After our roommates moved out, it occurred to me that I had run out of opportunities to enjoy living with them. I apologized to Kristen for ruining the entire year and she shrugged it off. “This year was a disappointment, but then again, I didn’t know how challenging it would be for you.” Then her eyes brightened, and she added, “We’re getting married in a month, and then we’ll have lots of opportunities to enjoy things together. So let’s just relax and have fun.”

That’s how Kristen handles things. She doesn’t look backward, only forward. In doing so, she had committed the ultimate act of going with the flow. It was a perfect model for me to follow, but of course, I failed to make that connection. And for years, I kept failing. She constantly had to remind me to chill out. The other cars got a green arrow and I didn’t: “Relax, Dave. It happened four hours ago. You can’t let it ruin the whole day.” Emily ate a candle: “This isn’t the end of the world, Dave. No, you don’t need to fly home from Italy, she’s fine.” Both of our children proved to be terrified of people in costumes
after
we waited in line to buy tickets at Six Flags Great America: “Dave, oh well. Let’s find something else they’ll enjoy.” “Okay,” I would say.
But how?

Sometimes I argued with her. “Going with the flow is for hobos and douchebags. It’s for people without goals or vision. People with nothing to accomplish. Me, I’d rather accomplish things.” She would insist that going with the flow wasn’t about complacency or letting the tide carry you along. “People like you especially need to learn how to adapt,” she’d tell me. “You do have your own vision, you do have goals to pursue. But life throws punches and if you don’t roll with them, you’ll get knocked down and you won’t accomplish anything.” For the longest time, her point failed to sink in, even when she put it bluntly: “I don’t like being around you when you’re flipping out over stupid stuff. Knock it off.”

Her message finally clicked for me in the fall of 2008. I was sitting on the floor in our family room, trying to make good on my most recent Best Practice: folding laundry.

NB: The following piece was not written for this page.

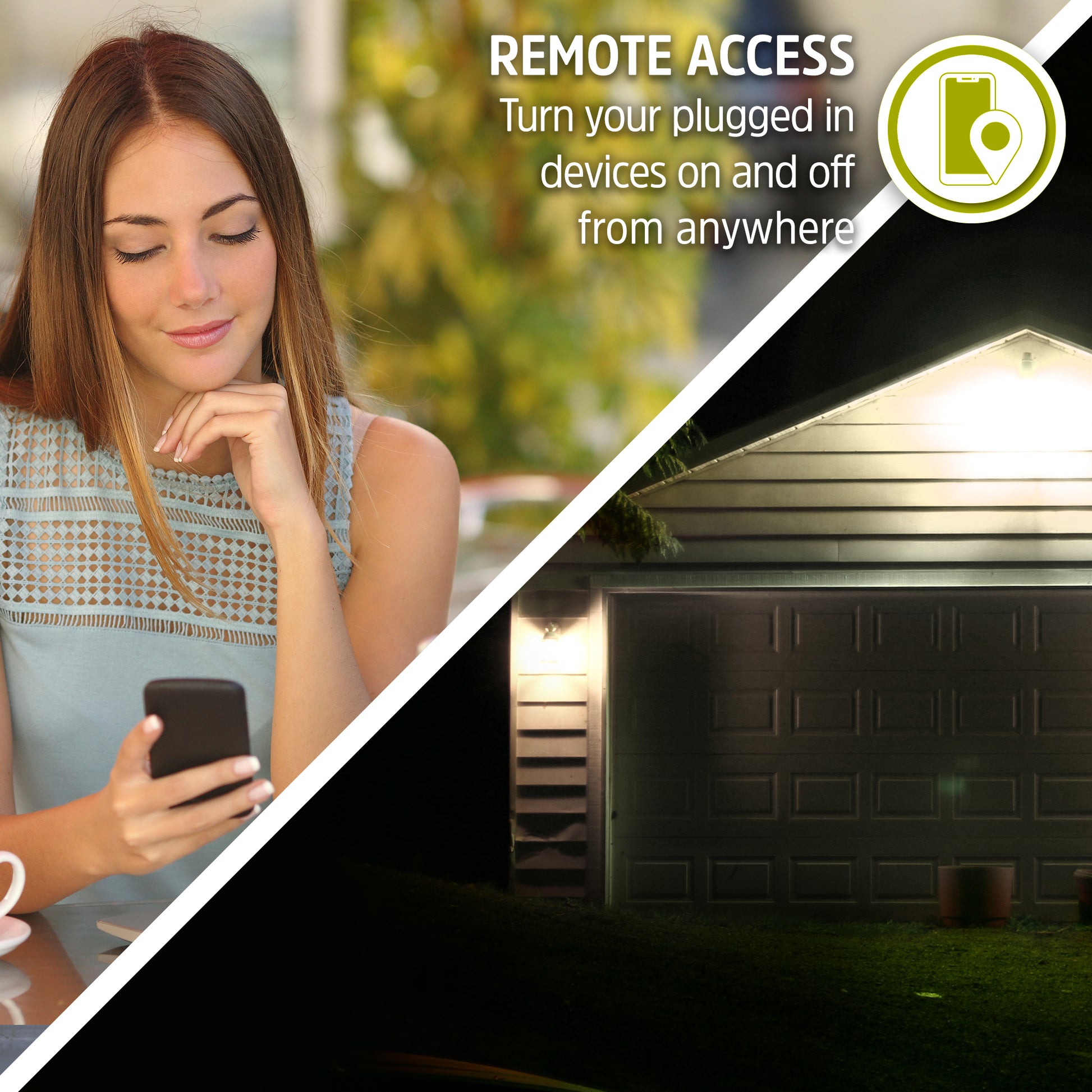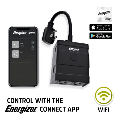 - Turn your equipment on and off from anywhere: Forgot to turn off your outdoor lights before you left the house? No problem! Download the Energizer® Connect app to operate the plug remotely and turn on/off your plugged-in devices from anywhere. The plug is also compatible with Amazon Alexa, Hey Google, and Siri for convenient voice control.

I had a meeting with my sales director the following morning, and I was watching
SportsCenter
on ESPN in preparation for his inevitable sports banter—sort of like cramming for an exam. The show’s anchor made a reference to one of the greatest tennis champions of all time, Roger Federer, and as I squared up a pair of boxers, I took a moment to wonder what it must be like to be the best at something:
This Federer can’t lose—he just wins all the time. Well, not all the time. I guess he can’t win every point. He doesn’t win every game, actually, or even every match. But he’s the best—I like that. Federer knows what he needs to do and he doesn’t let a bad call or a loss bring him down and . . . OHHHH!